Scatter plots display the relationship between two continuous variables.

3.1 Example: mtcars

# mtcars: weight vs MPG data(mtcars) 
plot(mtcars$wt, mtcars$mpg,     
     main = "MPG vs Weight",      
     xlab = "Weight (1000 lbs)",      
     ylab = "Miles/(US) gallon",      
     col  = "steelblue",      
     pch  = 16)

3.2 Example: iris

# iris: Sepal length vs width 
with(iris,      
     plot(Sepal.Length, Sepal.Width,
          main = "Iris Sepal Dimensions",
          xlab = "Sepal Length (cm)",
          ylab = "Sepal Width (cm)",
          col  = as.numeric(Species),
          pch  = 17)) 

legend("topright", 
       legend = levels(iris$Species),
       col = 1:3, 
       pch = 17)

3.3 Example: penguins

# penguins: bill length vs depth 
library(palmerpenguins) 
plot(penguins$bill_length_mm,
     penguins$bill_depth_mm,
     main = "Penguins Bill Dimensions",
     xlab = "Bill Length (mm)",
     ylab = "Bill Depth (mm)",
     col  = as.numeric(penguins$species),
     pch  = 19)


legend("bottomright",
       legend = levels(penguins$species),
       col = 1:3,
       pch = 19)

4 Line Chart

Line charts connect observations in order, ideal for time series.

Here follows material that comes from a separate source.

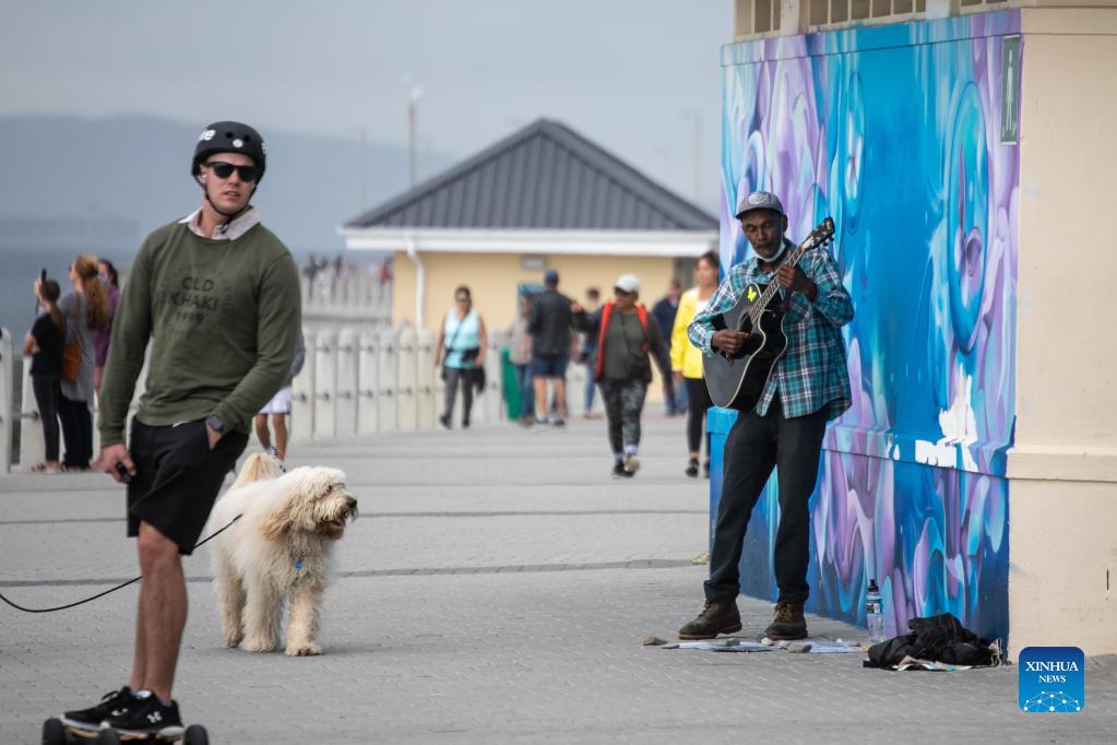 People enjoy leisure time on the seaside in Cape Town, South Africa, Dec. 5, 2021. South Africa has entered the fourth wave of the pandemic with the new variant at the center of the rise in cases, Health Minister Joe Phaahla said at a briefing on Friday. (Xinhua/Lyu Tianran)

4.1 Example: AirPassengers

data(AirPassengers)

plot(AirPassengers,
     main = "Monthly Air Passengers (1949–1960)",
     xlab = "Year",
     ylab = "Passengers",
     type = "o",
     col  = "darkgreen",
     lty  = 2)

4.2 Example: mtcars (engine displacement vs horsepower)

with(mtcars,
     plot(disp, hp,
          type = "l",
          main = "HP vs Displacement",
          xlab = "Displacement (cu.in.)",
          ylab = "Horsepower",
          col  = "darkred",
          lwd  = 2))

4.3 Example: Nile river flow

data(Nile)
plot(Nile,
     main = "Annual Nile Flow",
     xlab = "Year",
     ylab = "Flow",
     type = "s",
     col  = "blue")

5 Histograms

Histograms show the distribution of a numeric variable.

5.1 Simple Histogram

hist(iris$Sepal.Length,
     main = "Distribution of Iris Sepal Length",
     xlab = "Sepal Length (cm)",
     col  = "lightgreen",
     breaks = 10)

5.2 Histogram with Normal Curve

h <- hist(mtcars$mpg,
          main = "MPG Distribution with Normal Curve",
          xlab = "MPG",
          col  = "lightgray",
          breaks = 8,
          freq   = FALSE)
# overlay normal density
xfit <- seq(min(mtcars$mpg), max(mtcars$mpg), length = 40)
yfit <- dnorm(xfit, mean = mean(mtcars$mpg), sd = sd(mtcars$mpg))
lines(xfit, yfit, col = "blue", lwd = 2)

5.3 Histogram by Facet of Groups

# penguins bill length by species
data(penguins)
par(mfrow = c(1, 3))
for(sp in levels(penguins$species)) {
  hist(penguins$bill_length_mm[penguins$species == sp],
       main = paste(sp, "Bill Length"),
       xlab = "Bill Length (mm)",
       col  = "lightsalmon",
       breaks = 10)
}

par(mfrow = c(1, 1))  # reset

6 Boxplots

Boxplots summarize distribution with quartiles and outliers.

6.1 Single Boxplot

boxplot(iris$Petal.Length,
        main = "Boxplot of Iris Petal Length",
        ylab = "Petal Length (cm)",
        col  = "violet")

6.2 Grouped Boxplot

boxplot(Petal.Length ~ Species, data = iris,
        main = "Petal Length by Iris Species",
        xlab = "Species",
        ylab = "Petal Length (cm)",
        col  = c("lightblue", "lightpink", "lightgreen"))

7 Conclusion

Base R graphics provide a flexible way to create and customize a wide range of plots. By mastering functions like plot(), lines(), barplot(), hist(), and boxplot(), along with their arguments (title, labels, colors, scales), students can effectively explore and present data.